Regular Expression Classification#

Regular Expression Classification is a powerful way to categorize email messages with user defined words or expressions. Regular expressions work similarly to keywords, but with more rigorous matching rules.

A regular expression (also known as a regex or RegExp) is simply a pattern that you can use to match specific characters. Therefore, regular expressions identify text patterns and extract specific portions of text from within larger blocks of text.

Regular expressions are used to determine whether a string matches a certain pattern. This can be done through the use of special characters such as *, ^, [ ], ( ), and +. For example, square brackets [] can be used to match any character that is inside them. Therefore, the regular expression [cb]at would match the words cat and bat, while eat would not match this pattern.

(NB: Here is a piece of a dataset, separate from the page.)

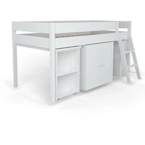 Lit combiné TINO 90 x 190 cm avec bureau, étagère et armoirette deux portes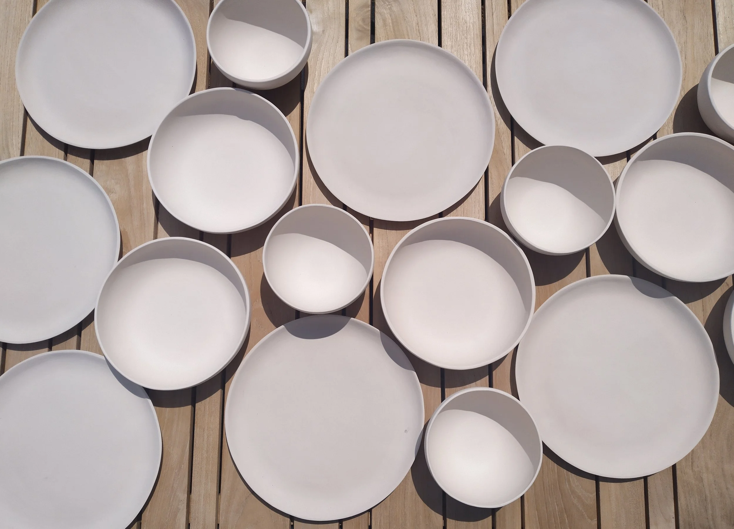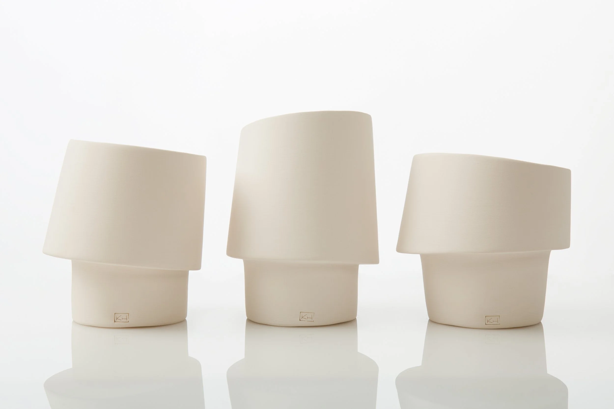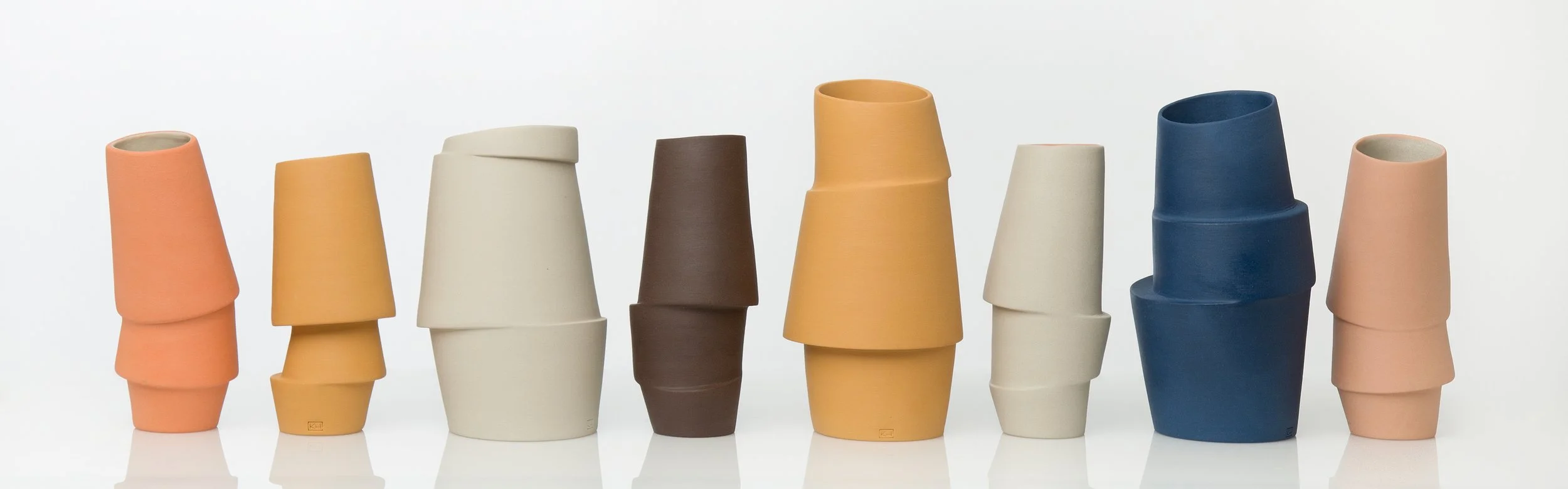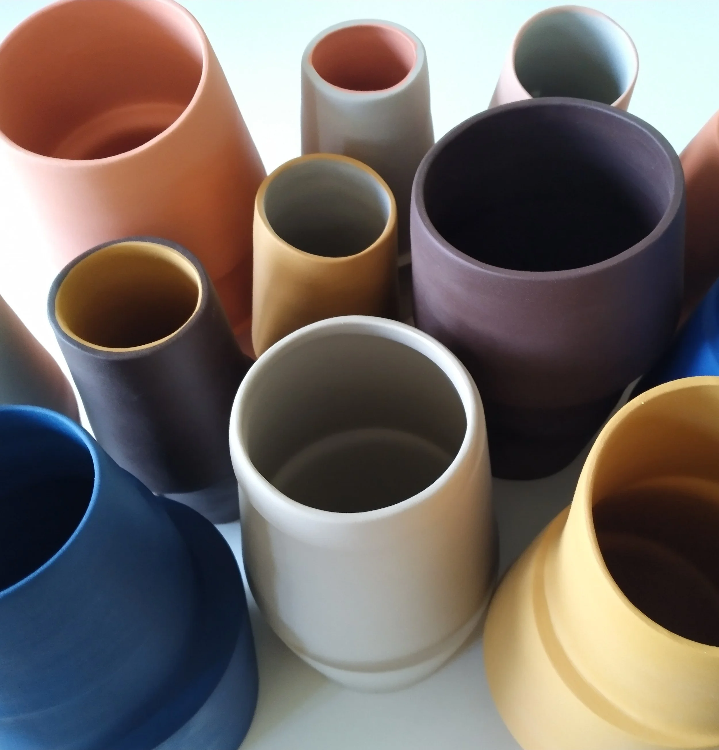 Al snel werd duidelijk dat mijn interesse ging naar het gebruik van gietklei en dat is voor mij een doordacht technisch proces. Het schetsen vooraf, het maken en stapelen van gipsmallen, het inkleuren en gieten van de klei, de droog- en bakprocessen. Het resultaat is telkens weer verrassend anders. Elk stuk in zijn unieke vorm, speels en eindeloos te combineren, abstract en puur.

Common Regular Expressions#

Regular Expression

Meaning

Example

[ ]

Matches characters inside brackets

gr[ae]y: grey or gray

[a-zA-Z]

Matches characters between a-z or A-Z

[a-zA-Z]: My order number is #12345

\p{L}

Matches any kind of letter, including language-specific characters

\p{L}: My last name is Müller

.

Any character

.: I have not received a confirmation email

\d

Any digit

\d: Can you please call me at 123 456 7890?

( )

Capture everything inside parentheses

(shipment): What is the status of my shipment?

(?i)

Case insensitive match

(?i)(shipment): Shipment, shipment, SHIPMENT, etc.

(?: )

Defines an unnamed group. You can use it to define optional matches.

shipp(?:ing)?: How long does it take for my order to ship?

|

Either or

(order|shipping): Is my order ready for shipping?

?

0 or 1

colou?r: colour or color

*

0 or more

#*: Your order # 567890 is out for delivery.

+

1 or more

ad+res+: address, adress, addres, …

{}

An exact number of characters

\d{10}: The tracking number is 1234567890.

^

Beginning of the string or line

^Hello: Hello, what is the status of my order?

$

End of the string or line

Regards$: Thank you for your help. Regards

\n

Matches a line break

\n(\w+): I recently placed an order. Could you please send me any updates?

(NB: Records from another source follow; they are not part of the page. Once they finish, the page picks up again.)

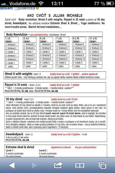 @nair no ja som tiez zacala ako ty ale potom som tu nasla taku tabulku a tam je rozpisane ktore cvicenia cvicit ako prve plus nejake doplnkove cvicenia od nej. V body revolution cvicis dva dni workout potom jeden den kardio potom zasa dva dni workout a zasa jeden den kardio a den volno. Tue dva workouty su kazdy iny a cvicis ich dva tyzdne potom ides na iny workout. Cardio je tusim prvy mesiac to iste.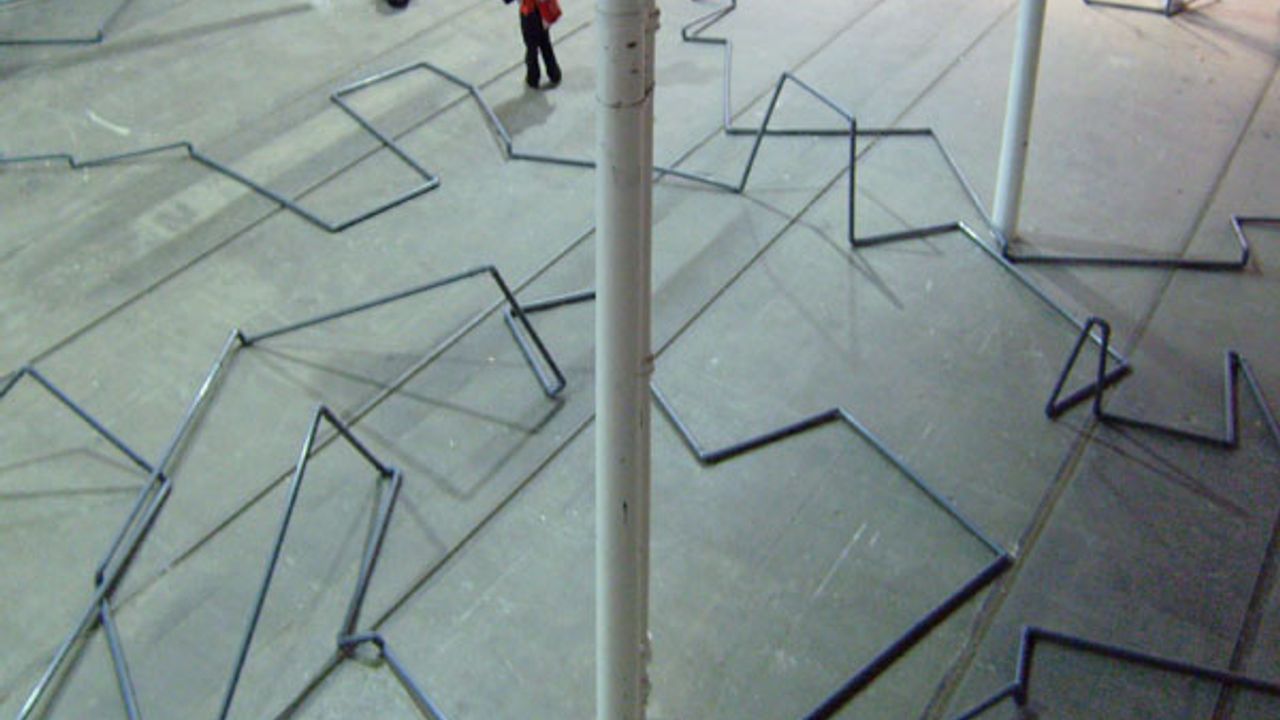 J’ai aussi écrit cette phrase avec des tuyaux de plastiques sur une longueur de 50 mètres et une hauteur de trois mètres, puis j’ai jeté cette phrase au sol. Dans ce chaos de tubes, un objet se déplace à grande vitesse. Le spectateur tente de reconstituer la phrase par le trajet sonore de l’objet qui emprunte le circuit des tuyaux. Tentative vaine et ludique qui permet de neutraliser le sens autoritaire de cette phrase et l’idéologie qui la sous tend. La phrase distordue se déploie dans des espaces différents, comprimée ou en extension selon les lieux d’accueil.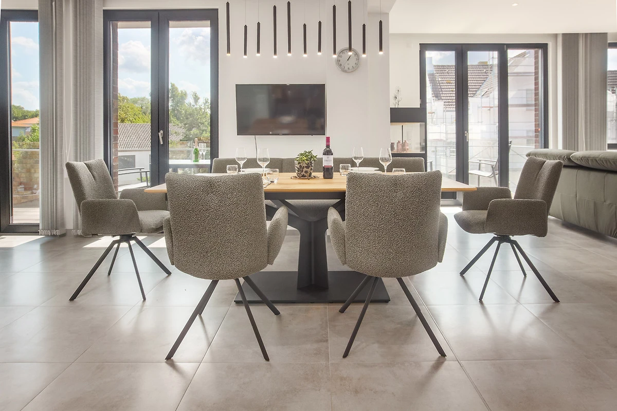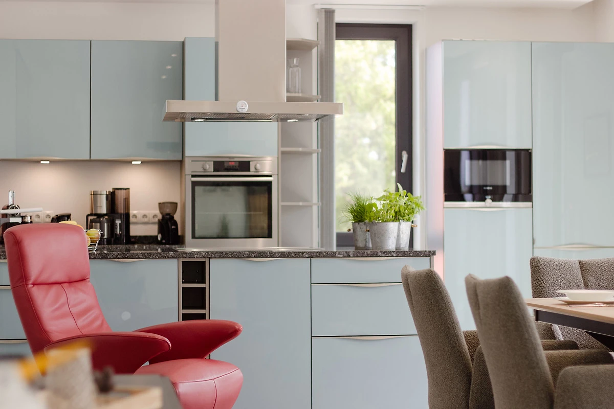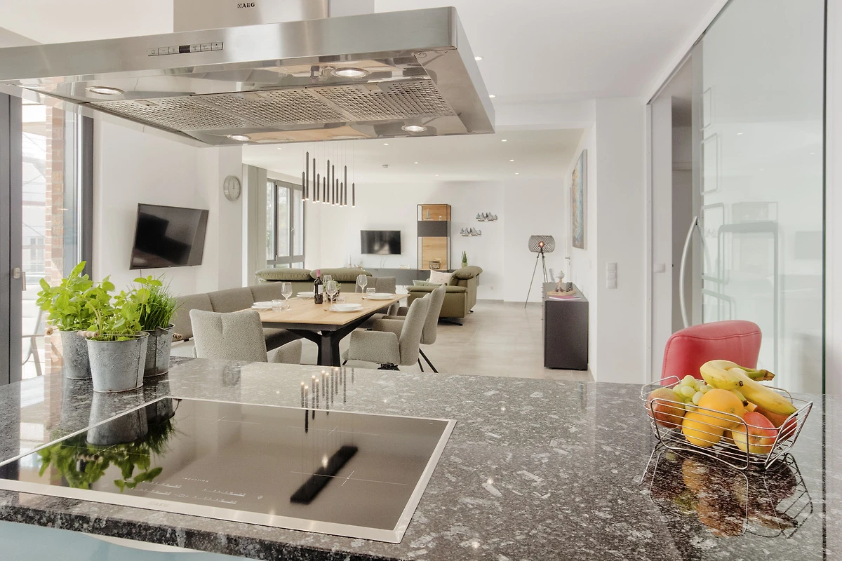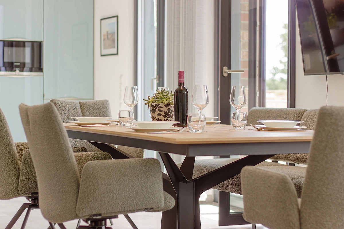 Die offene, voll ausgestattete Küche mit Kochinsel lässt keine Wünsche offen. Kleinere Hilfen sind vorhanden. Ob Snack oder grosses Menü – alles ist möglich. Der angrenzende Essbereich mit ausziehbarem und unterfahrbarem Tisch bietet viel Platz für gesellige Mahlzeiten mit Familie, Freunden oder Urlaubsbekanntschaften.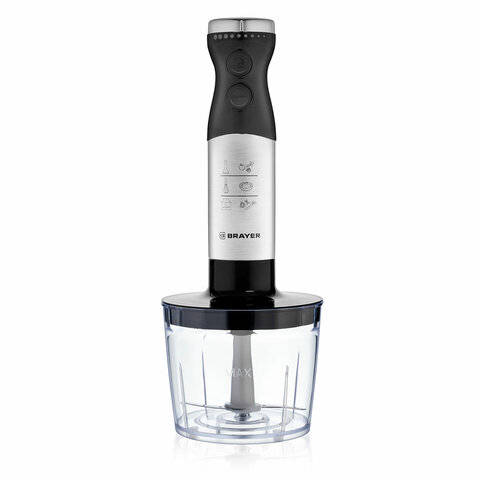 Блендер BRAYER погружной BR1244, 800 Вт, 8 скоростей, 4 насадки, стакан, черный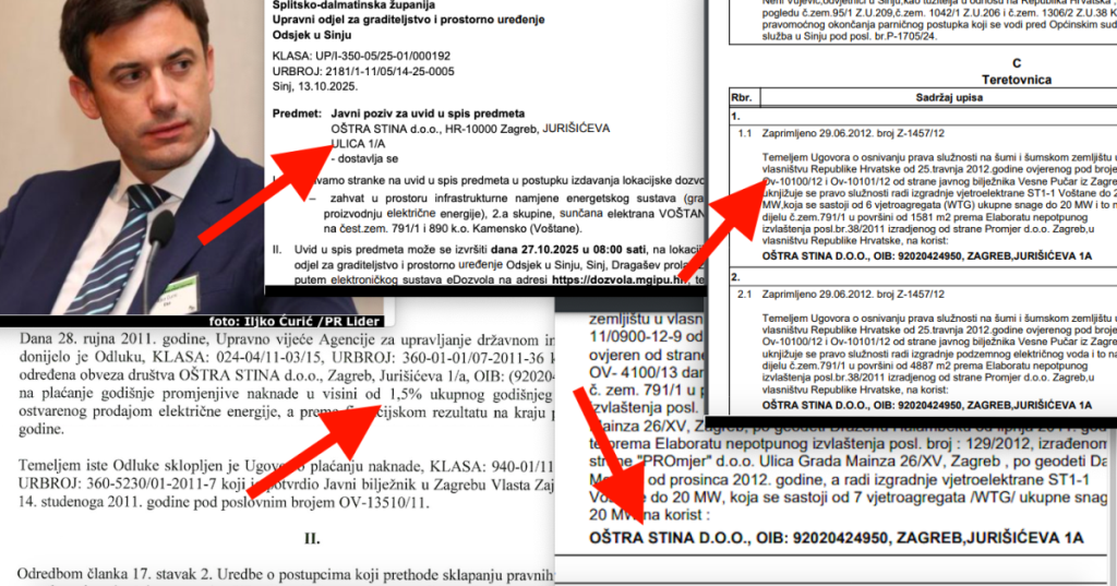 Taj je dokument dostavljen tvrtci Oštra stina te opunomoćenicima: Matiji Smiljanu, Zvonimiru Meštroviću te Romanu Kuzmiću, svima na njihove zagrebačke adrese. Kada smo provjerili vlasnički status nekretnina na kojima je izdano gornje rješenje vidjeli smo kako se radi o česticama u vlasništvu Republike Hrvatske. Iz vlasničkog lista vidljivo je postojanje zabilježbe ali i način na koji je Oštra stina dobila prava na tom zemljištu. Citiramo iz dokumenta: 'Zaprimljeno 03.06.2024.g. pod brojem Z-23561/2024 ZABILJEŽBA, SPOR, Tabak Mirko pk. Jakova iz Kamenskog... zast.po puno. Neni Vujević,odvjetnici u Sinju, kao tužitelja u odnosu na Republika Hrvatska ,kao tuženika u pogledu č.zem......Kamensko, sve do pravomoćnog okončanja parničnog postupka koji se vodi pred Općinskim sudom u Splitu, Stalna služba u Sinju pod posl. br.P-1705/24. ..'.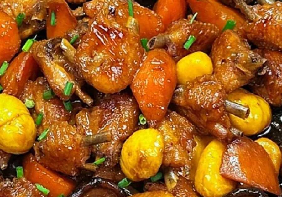 3、起鍋燒油,油熱后放入雞中翅煎一下,煎至兩面金黃,再放入板栗、胡蘿卜和干香菇翻炒一會兒。

Regular Expressions Examples#

Below is an example of how to use regular expressions to extract information from email messages:

Example email message

Subject: Order status

Sender: client@company.com

Hello,

I wanted to get a status update on my last order #98237 that I placed on 01/10. When can I expect it to ship?

You can contact me at 123-456-7890 if you need any additional information.

Thanks,

Veronica Jones

We could use regular expressions to extract information from a message as follows:

Using regular expressions#

Target

Regular Expression

Result

Order number

(#\d{5})

#98237

Order date

[0-9]{2}\/[0-9]{2}

01/10

Phone number

[0-9]{3}-[0-9]{3}-[0-9]{4}

123-456-7890

Message topic

(order|ship(?:ping)?)

order, ship

Regular Expression Classification Set Up#

To set up a Regular Expression Classification model, follow these steps:

  1. First, in the Classification Setup section, select Regular Expression Classification from the top tab bar. The Regular Expression Classification tab will show you the instructions on how to define your expressions. Click Next.

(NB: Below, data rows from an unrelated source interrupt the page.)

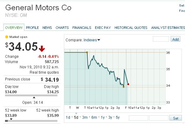 Heute scheint sich der Abverkauf fortzusetzen. Viele ehemalige Bondhalter wurden durch die Pleite zu GM-Aktienbesitzern "wider Willen". Sie wollten schon damals die Aktie nicht, sonst hätten sie ja nicht die Bonds gekauft.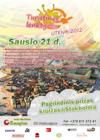 „TURISTINĖS LENKTYNĖS“ Dėmėsio iššūkių, naujovių ir adrenalino išsiilgę žmonės !!! “TURISTINĖS LENKTYNĖS” vėl Utenoje. JAU SAUSIO 21 DIENĄ STARTUOJAME UTENOJE !!! Kyla klausimas, kas tai yra? Kur vyks? Kaip vyks? Kokios taisyklės? Kur startas? Kiek kainuos? Ar bus apdovanojimai? Ar bus afterparty? Viskas nuo pradžių: Tai aktyviems žmonėms skirtas renginys. Renginio tikslas – puikiai praleistas laikas, nuotaikingas bei smagus pasivažinėjimas, o gal net lenktyniavimas proto ribose po Utena, susipažinimas su lankomiausiomis ir įdomiausiomis vietomis, įvairių užduočių atlikimas, tam tikrų vietų suradimas, mįslių įspėjimas ir kt. Komanda – automobilis, ją gali sudaryti 1-4 asmenys, tad Jūsų pasirinkimas, keli žmogeliukai būsit. Startą pradėsime 12h Kavinėje Antika Maršrutams ir užduočių atlikimui galima bus naudotis įvairiomis priemonėmis: žemėlapiai, navigacija, internetas, telefonas, draugų pagalba, kt. Kaina – simbolinis mokestis automobiliui. Privaloma turėti: gerą nuotaiką, fotoaparatą (reikės fotografuoti). Svarbiausias renginio aspektas – saugumas kelyje. Greitis nėra pagrindinis rodiklis. Dėmesys bus į užduočių atlikimą, koordinačių, nuorodų suradimą, staigmenų paragavimą, kūrybiškumo įjungimą ir kitus veiksnius. Bus ir Bonus taškų. Finišas – įvertinamas Jūsų dienos darbas. Po lenktynių Jūsų laukia: apdovanojimai, vakaro programa, diskoteka su Dj , kuris nuostabius ritmus suks ir visus išjudins šokių aikštelėje. Iki susitikimo ! Laukiame Tavęs ir Tavo draugų!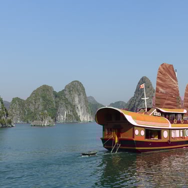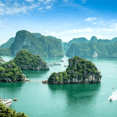 •Baie d’Halong : Naviguez entre les formations karstiques de cette baie légendaire, un spectacle naturel époustouflant.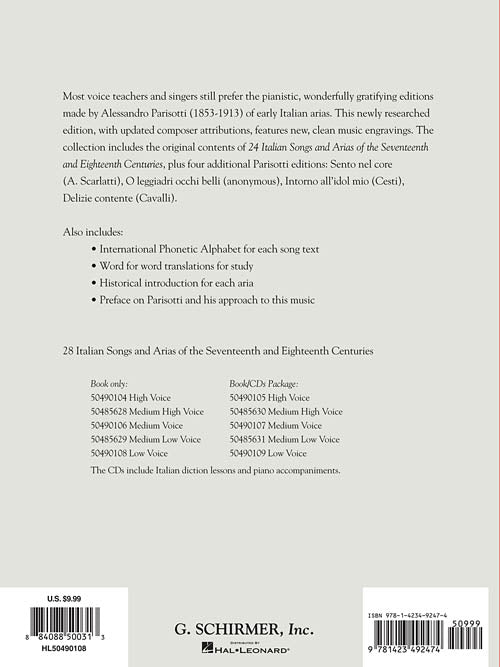 3 new keys. Now available in 5 keys Newly researched and engraved collections, including the original Schirmer 24 plus four additional songs. With International Phonetic Alphabet, word for word translations, and historical information on each song and composer. CDs feature accompaniments and recorded diction lessons. Contents: ANONYMOUS: Nina · O leggiadri occhi belli · Pieta, Signore! · BONONCINI: Non posso disperar · Per la gloria d'adorarvi · CACCINI: Amarilli · CALDARA: Alma del core · Sebben, crudele · Come raggio di sol · CARISSIMI: Vittoria, vittoria! · CAVALLI: Delizie contente · CESTI: Intorno all'idol mio · DURANTE: Danza, danza · Vergin, tutt'amor · GIORDANI: Caro mio ben · GLUCK: O del mio dolce ardor · LEGRENZI: Che fiero costume · LOTTI: Pur dicesti, o bocca bella · MARCELLO: Quella fiamma che m'accende · MONTEVERDI: Lasciatemi morire! · PAISIELLO: Nel cor piu non mi sento · PARISOTTI: Se tu m'ami · SCARLATTI: Gia il sole dal Gange · Le violetta · O cessate di piagarmi · Se Florindo e fedele · Sento nel core · TORELLI: Tu lo sai

    Add a new regular expression model
  2. Then, you can choose the Language of the messages you want to classify. For example, if you select English, then only emails in that language will be considered for the regular expression classification.

  3. Next, in Sender Filter, if the sender holds an identifier that can be used as a filter, you can add its corresponding regular expression. Otherwise, you can add the expression .* to include every character.

  4. Similarly, in Recipient Filter, if the recipient holds an identifier that can be used as a filter, you can add its corresponding regular expression or just add .*.

  5. Following, under Subject Filter, you can enter a regular expression to match emails with a specific subject. For example, we can match emails with either the subject Order status or Shipping status using the following regular expression: (Order|Shipping) status.

    Add a subject filter to a regular expression classification model
  6. Likewise, in Message Filter you can enter a regular expression to match the message’s body. Otherwise, you can add the expression .* to include every character.

  7. Afterward, you can also define an Input Field filter, which refers to the different parts of an email message that Mailytica can use to find your keywords. To do this, enter the appropriate name of the input field in the first text box and then, in the Filter text box, enter the regular expression of your choice. If you wish to skip this step, please enter .* to include every character. For more information on Input Fields, please visit the section Mailytica’s Email Data.

  8. Next, the Reclassification feature allows you to choose whether Mailytica also classifies past messages that you have already received. If this feature is disabled, only new messages are classified. Therefore, the recommended value is Active.

  9. In Confidence Weighting you can set a value between 0 and 1 depending on the reliability of your regular expressions. A higher confidence weighting (closer to 1) means you’re more sure that the email is classified correctly when it matches the regex pattern. Confidence weighting is just a measure of your trust in the regex match. It’s a way to control how sure Mailytica needs to be that a certain pattern is correct before deciding the classification of an email.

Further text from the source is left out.